If I understood Berger et al 2017 correctly I should use clustered covariances for panel data. However, I am not sure if the commands work for data with survey weights.
I started by estimating the regressions with glm
and correcting the standard errors with coeftest
from the lmtest
package and vcovPL
from the sandwich
package. Subsequently, I used svydesign
and svyglm
from the survey
package to estimate a weighted model and corrected the standard errors again the same way.
In this Question R's sandwich package producing strange results for robust standard errors in linear model Zeileis writes that using svyglm
objects might produce incorrect results. However, I am not sure if this applies only for complex survey weight (with strata etc.) or as well for basic survey weights, since its pointed out here that without the use of strata there is not much difference. However, I don't fully understand the explanation there. Moreover, I wonder if the newly implemented features described in Berger et al 2017 allow for using a svyglm
object. So I don't know if I can use the commands in the sandwich
package for objects of class svyglm
if my design has no strata.
Here is the code I used:
# not weighted
model <- glm(depend_var ~ indep_var1 + indep_var2 ,family=quasibinomial(link='logit'),data=dataset)
m_vcov <- coeftest(model,vcov. = sandwich::vcovPL(x = model, cluster = ~ id_var,order.by = ~ year ,pairwise = T))
# weighted
design.ps <- svydesign(ids=~1, weights=~wgt, data=dataset)
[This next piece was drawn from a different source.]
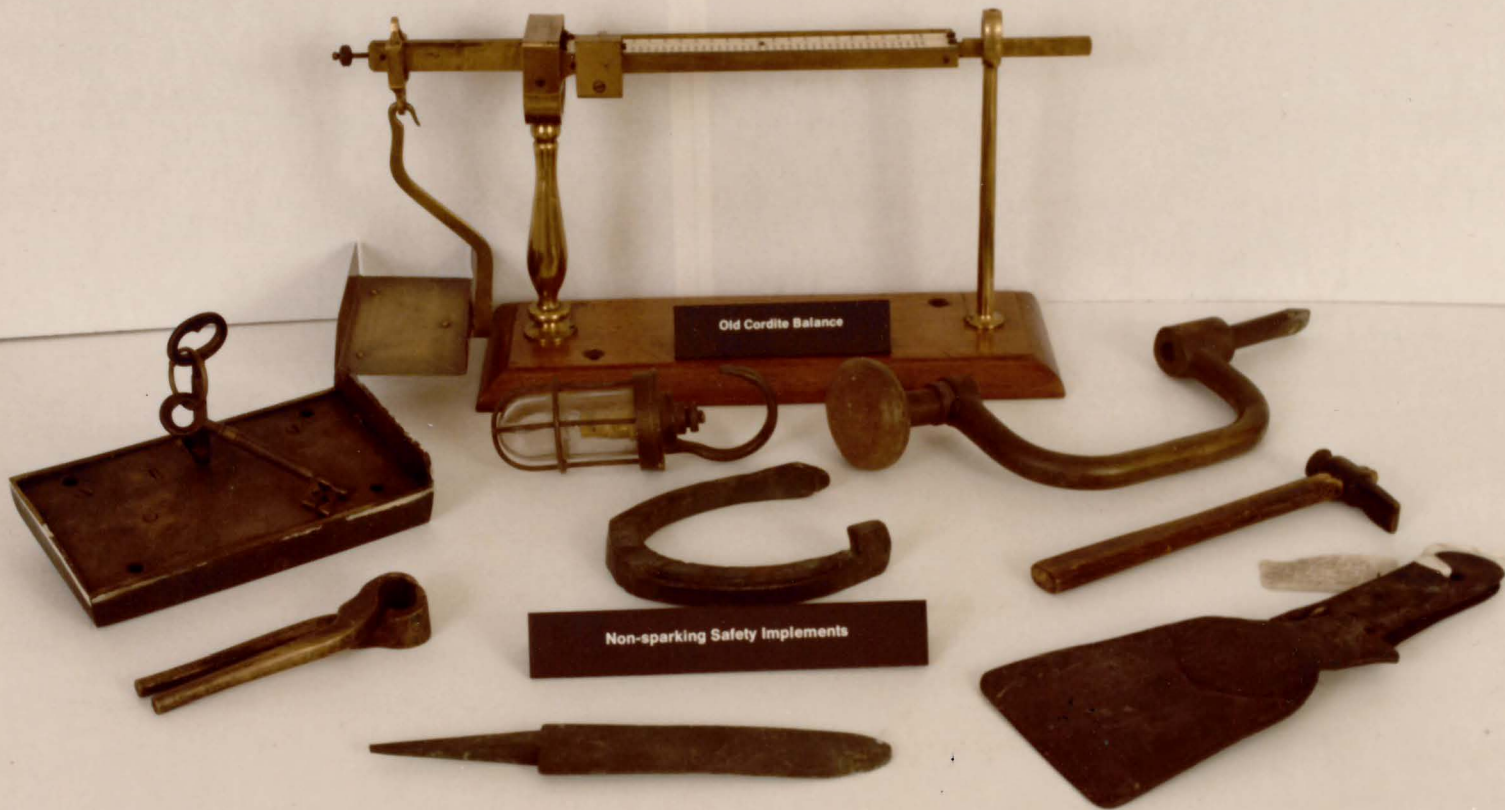
Old Cordite Balance

model_wgt <- svyglm(depend_var ~ indep_var1 + indep_var2, design=design.ps,family=quasibinomial(link='logit'),data=dataset)
mwt_vcov <- coeftest(model_wgt, vcov. = sandwich::vcovPL(x = model_wgt, cluster = ~ id_var,order.by = ~ year ,pairwise = T))
Looking at the coefficients provided by the test code above, the results seem kind of reasonable unlike the results provided here: R's sandwich package producing strange results for robust standard errors in linear model
# basic model
> summary(model)
Estimate Std. Error t value Pr(>|t|)
(Intercept) -3.68570 0.01264 -291.68 <2e-16 ***
indep_var1_test 0.37538 0.01111 33.78 <2e-16 ***
indep_var2_test 1.05226 0.01100 95.62 <2e-16 ***
# basic model with SE correction
> m_vcov
Estimate Std. Error z value Pr(>|z|)
(Intercept) -3.685702 0.176121 -20.9271 < 2.2e-16 ***
indep_var1_test 0.375380 0.049817 7.5353 4.874e-14 ***
indep_var2_test 1.052258 0.068763 15.3027 < 2.2e-16 ***
# weighted model
> summary(model_wgt)
Estimate Std. Error t value Pr(>|t|)
(Intercept) -3.89702 0.01751 -222.57 <2e-16 ***
indep_var1_test 0.42373 0.01454 29.15 <2e-16 ***
indep_var2_test 1.05291 0.01439 73.15 <2e-16 ***
# weighted model with SE correction
> mwt_vcov
Estimate Std. Error z value Pr(>|z|)
(Intercept) -3.897021 0.319932 -12.1808 < 2.2e-16 ***
indep_var1_test. 0.423732 0.075202 5.6346 1.755e-08 ***
indep_var2_test 1.052915 0.126569 8.3189 < 2.2e-16 ***
My question is: Can I use the commands above to correct the standard errors?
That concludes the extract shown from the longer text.